Vesuvius had begun to recede in the distance when a commotion on deck caught Hewitt’s attention. A British admiral’s barge, making for the port from the island of Ischia, could be seen weaving among the outbound ships. A stubby figure with pink cheeks stood in the forepeak, disdaining a handhold and wearing a light tropical suit beneath an enormous sun helmet. Abruptly for soldiers and sailors crowding Catoctin’s rails a cry went up: “It’s Churchill!” So it was: with a smile he doffed his ten-gallon helmet, wispy hair tossing in the breeze, then raised his right hand to flash the famous V with his fingers. The men huzzahed until he slid from sight in their wake.

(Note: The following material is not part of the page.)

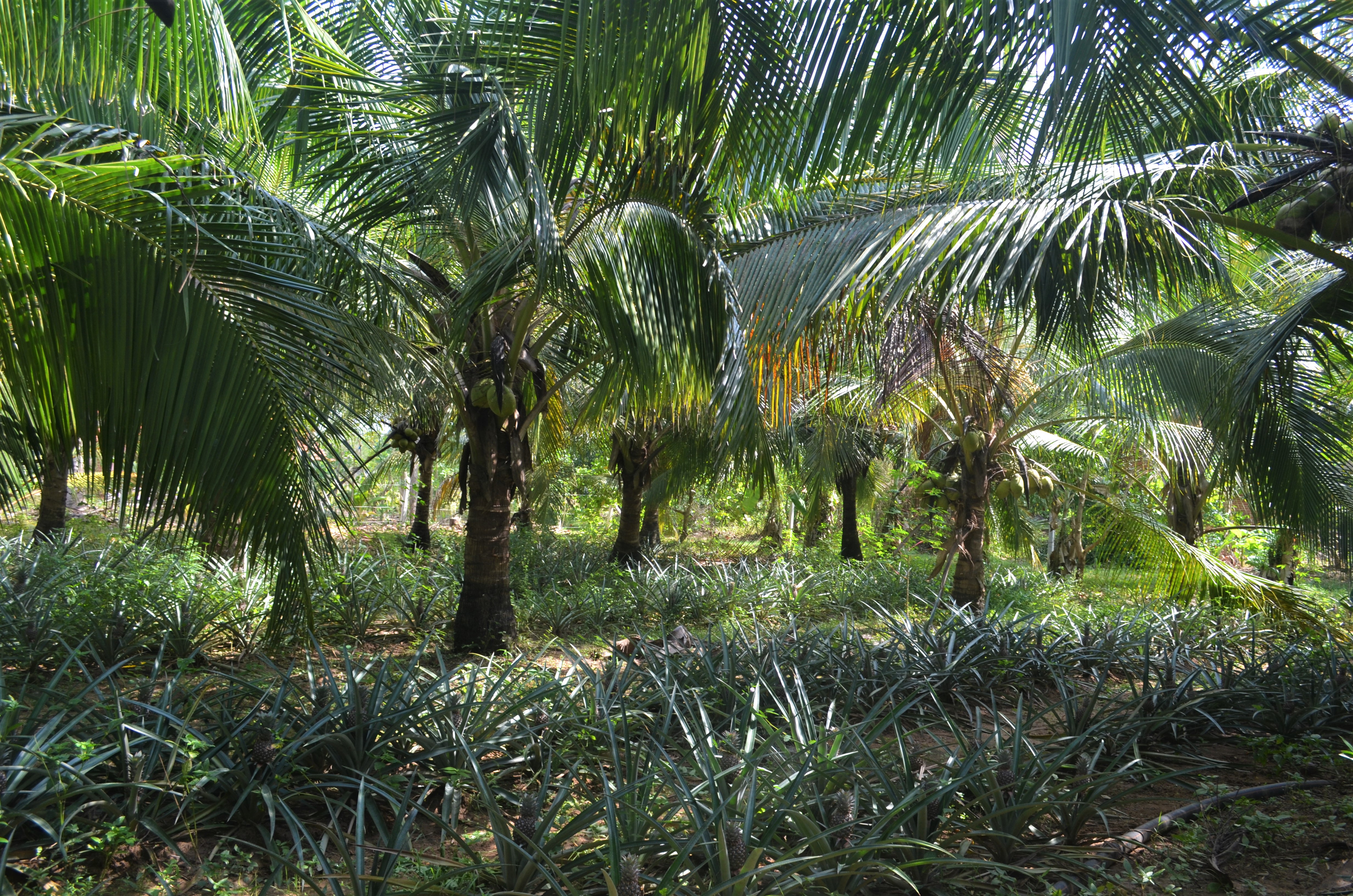 Coconut land with intercropped pineapple plants

He was traveling under the improbable nom de guerre of Colonel Kent, as if a phony name and a big hat could render him inconspicuous. Ostensibly Churchill was on a fortnight’s bathing holiday in southern Italy, wallowing “like a benevolent hippo” at Capri’s Blue Grotto and in various Tyrrhenian coves around Naples while following the heartening news from Normandy in his portable map room. Yet he also had come to keep a pale eye on an enterprise he still bitterly opposed, and which had churned up as much enmity within the Anglo-American alliance as any episode of the war.[4]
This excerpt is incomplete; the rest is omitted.